Since July 1 GPC has contributed to more than 15 community initiatives.
- Capricorn Film Festival
- Rockhampton Art Gallery exhibition
- Burnett Heads Lighthouse Festival 2015
- St Jospeh's Catholic Primary School Environment Calendar
- CQUniversity Gladstone Ports Corporation Academic Prizes
- Gladstone Men's Shed Early Childhood Services Project
- GPC Bursary Program - 26 schools in Bundaberg, Gladstone and Rockhampton
- Industries of Gladstone Challenge 2015
- Gladstone and District Wildlife Carers donation to purchase equipment
- Martin Hanson Memorial Art awards
- Movember Foundation fundraiser
- Annual Christmas donation
- Port of Bundaberg Shorebird Monitoring Program
- Reef Check Foundation community program
- Talent Today, Talent Tomorrow Indigenous Bursary and Scholarship Program
GLADSTONE will once again shoulder the rest of Queensland with Treasurer Curtis Pitt announcing yesterday the region's ports would be handed a share of $1 billion of state debt.

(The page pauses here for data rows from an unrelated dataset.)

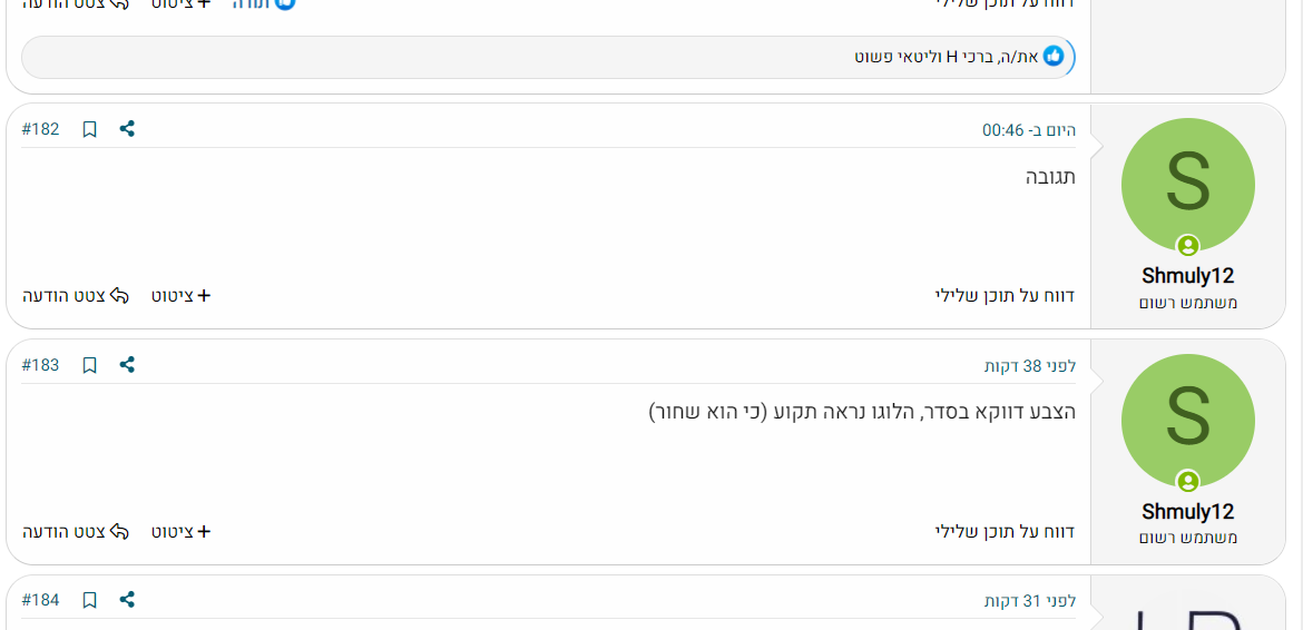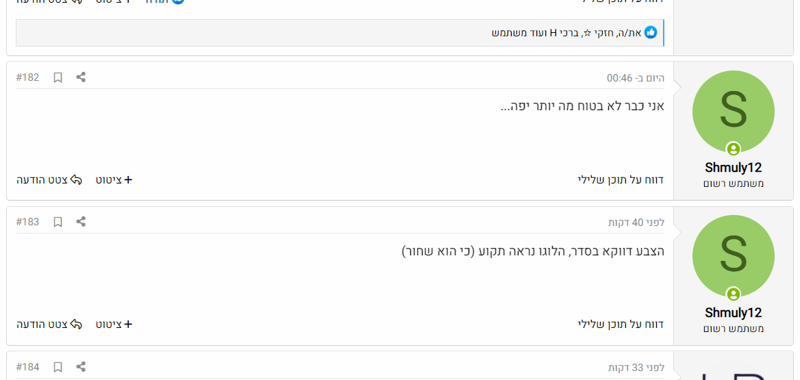 שעל כל ציטוט כשמרחפים על השם שציטטו ממנו יראו את שעת כתיבת ההודעה המצוטטת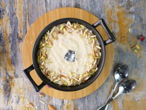 -Garnish with almonds,pistachios,silver edible leaf & refrigerate until chilled!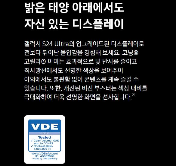 | 갤럭시 S24 울트라 디스플레이 | 6.8인치 QHD+ 동적 AMOLED 2X |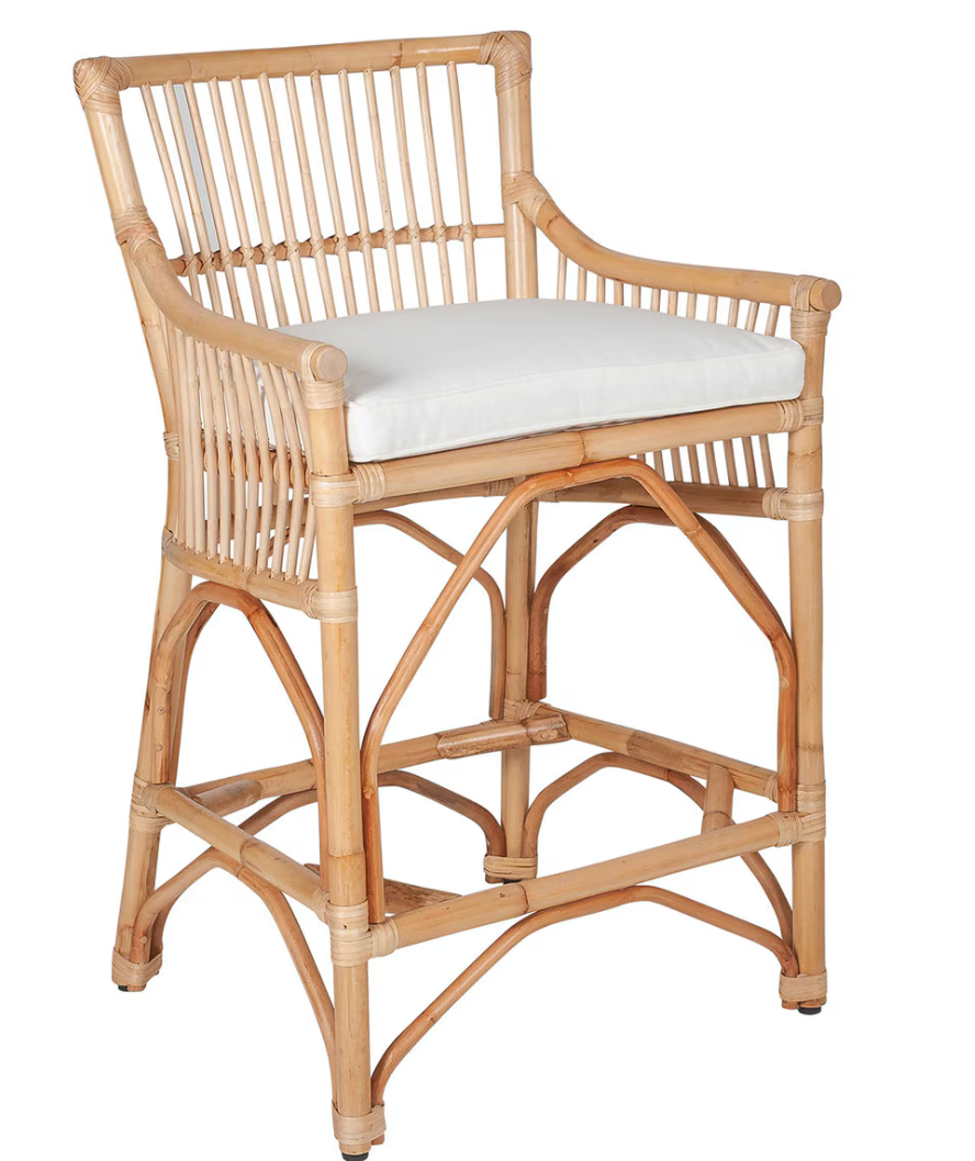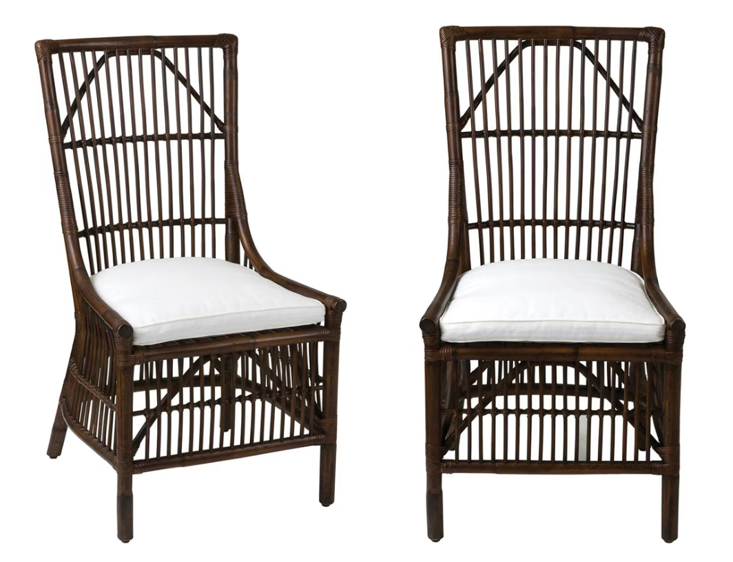 Lightweight yet full of character, the Winston Rattan Dining Chair brings relaxed sophistication to any dining space. Handcrafted from natural rattan in a deep espresso finish, its airy vertical weave and high back create an effortlessly elegant silhouette. The plush white cushion adds comfort without sacrificing style. Also available as a counter stool, barstool, or in alternate finishes to suit your space—from coastal to modern boho.
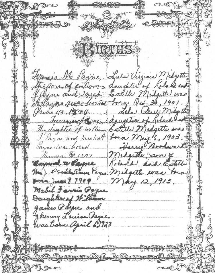 Wiliam J. Payne and Sarah A. Payne was bornd June 18, 1894 Levenia Payne the daughter of William J. Payne and Sarah A. Payne was bornd January 5th 1897 Raymond W. Payne [the son of] Wm. J. & Sarah Anner? Payne born June 8 1901 Mabel Farris Payne Daughter of William James Payne and Jhonny Louise Payne was born April 6, 1923 |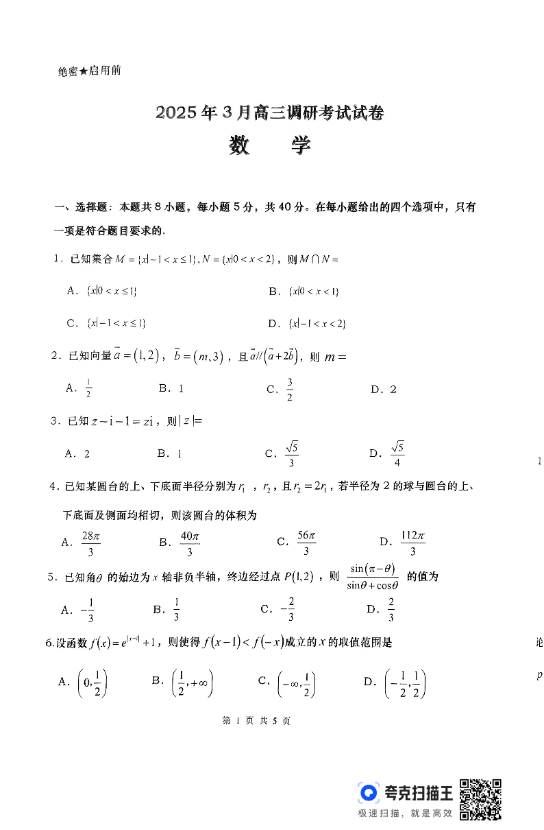 湖南省“长望浏宁”四县联考2025届高三下学期3月调研考试数学

Gladstone Ports Corporation chairman Leo Zussino experienced a similar arrangement when he was chief executive of the GPC and said it didn't impede the corporation's development.
The debt shift to Gladstone Ports Corporation, which returned a dividend of $54.4 million to the State Government last financial year, will share that burden with North Queensland Bulk Ports, SunWater and a $150 million dividend from Stanwell.
Mr Pitt's Mid Year Fiscal and Economic Review released yesterday explained the general government sector debt would be $10.6 billion lower in 2017-18 because of the debt transfer but did not explain how that $1 billion would be divided.
But it did state international auditor KPMG's independent advice was that the debt transfers would enable the corporations to use their money in a more commercial way.
At the start of Mr Zussino's 13 years as CEO in 2000, the state and the GPC had a $90 million debt for equity trade.
At that time it was a "significant impost" when the port was handling 42 million tonnes per annum of trade compared to 115mtpa this year.
"The number of wharves has doubled since then and the $40 billion resource development and all the infrastructure has been provided by that government," Mr Zussino said
"When money is required to develop, money is provided. When RG Tanna Coal Terminal was expanded in 2004-2007 there was a significant equity injection into the port."
After speaking to the Treasury Department, Gladstone member Glenn Butcher was confident that would continue.
"Where appropriate... new capital will be made available for expansions," he said.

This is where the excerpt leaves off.